Trojan Gstore Virus Smartphone

Periodicamente vi abbiamo proposto smartphone low cost all'interno del nostro blog, alcuni provandoli in prima persona. Uno di questi ci ha rivelato però una vulnerabilità all'interno del suo stesso firmware che a quanto pare sembra essere molto comune nei CINAFONINI.

Senza alcuna spiegazione plausibile il nostro UMI DIAMOND X (disponibile a meno di 100 euro) ha iniziato a proporre pubblicità a tutto schermo, disattivando la connessione wifi, facendo quindi consumare traffico dati.

Convinti di aver preso qualche virus installando qualche applicazione da Play Store (anche se adesso il sistema Google Play Protect funziona davvero bene), proviamo a eseguire il factory reset limitandoci ad installare APP come Facebook, Twitter, Instagram, Telegram...

Neppure un gioco installato. Abbiamo semplicemente usato lo smartphone per consultare i social network.

Dopo circa un mese di utilizzo, ecco che la pubblicità torna a farci visita.

Installiamo quindi l'applicazione APPS HISTORY una applicazione gratuita e sicura che vi permetterà di vedere le app installate in ordine cronologiche partendo ovviamente dalla più recente.

Ecco che nell'elenco con la data più recente compare una APP di nome Gstore.

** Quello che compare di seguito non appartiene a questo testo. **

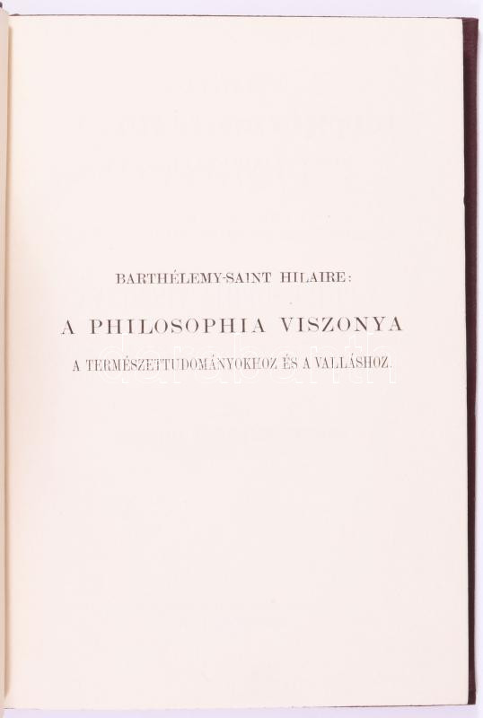 Barthélemy-Saint Hilaire: A philosophia viszonya a természettudományokhoz és a valláshoz. Fordította: Péterfy Jenő. Bp., 1890, MTA, 6+196 p. Kiadói aranyozott egészvászon-kötésben, jó állapotba. +

Cercando on line non si trova molto, e probabilmente questo è solo uno dei nomi con cui l'applicazione lascia tracce sul dispositivo, ma senza ombra di dubbio, cova all'interno dello stesso firmware dello smartphone, silente, raccogliendo informazioni in base all'utilizzo che fate dello smartphone, social network, preferenze, siti web visitati, per poi sbocciare al momento opportuno con pubblicità di ogni genere.

Approfondendo le ricerche troviamo poi articoli di un paio di anni fa in cui si evidenzia una vera e propria epidemia di Trojan preinstallati su questa categoria di smartphone low cost, tra cui comparivano anche marche ben più diffuse del nostro UMIDIGI Diamond X (Xiaomi MI3, Huawei G510, Lenovo S860, Alps A24, Alps 809T, Alps H9001, Alps 2206, Alps PrimuxZeta, Alps N3, Alps ZP100, Alps 709, Alps GQ2002, Alps N9389, Andorid P8 [non è un errore, si chiama così], ConCorde SmartPhone6500, DJC touchtalk, ITOUCH, NoName S806i, SESONN N9500, SESONN P8, Xido X1111).

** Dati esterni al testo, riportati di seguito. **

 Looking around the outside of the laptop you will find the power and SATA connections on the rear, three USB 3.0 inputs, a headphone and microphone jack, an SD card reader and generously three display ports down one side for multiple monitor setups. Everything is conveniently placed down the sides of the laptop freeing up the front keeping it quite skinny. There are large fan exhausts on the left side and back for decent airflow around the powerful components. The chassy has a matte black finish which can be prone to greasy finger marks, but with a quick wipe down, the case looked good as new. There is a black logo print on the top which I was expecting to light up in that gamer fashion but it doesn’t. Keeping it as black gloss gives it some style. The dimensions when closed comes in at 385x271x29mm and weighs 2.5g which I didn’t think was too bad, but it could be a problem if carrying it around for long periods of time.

Come potrete immaginare l'anomalia non è frutto degli stessi produttori, in quanto sarebbe folle per Huawei rischiare di rovinarsi il nome con una azione del genere, bensì degli intermediari che rivendono questi dispositivi alle grandi masse, spesso preinstallando versioni del sistema operativo Android personalizzate o con applicazioni comuni come Facebook o simili preinstallate sullo smartphone fin dal primo avvio, ma che nel loro codice mostrano delle backdoor che agevolano il lavoro di questi sistemi spia.

A questo punto vi invitiamo a diffidare da smartphone economici con software preinstallato. Unica alternativa è quella di eseguire il ROOT del vostro CINAFONINO, vanificando però la garanzia del prodotto.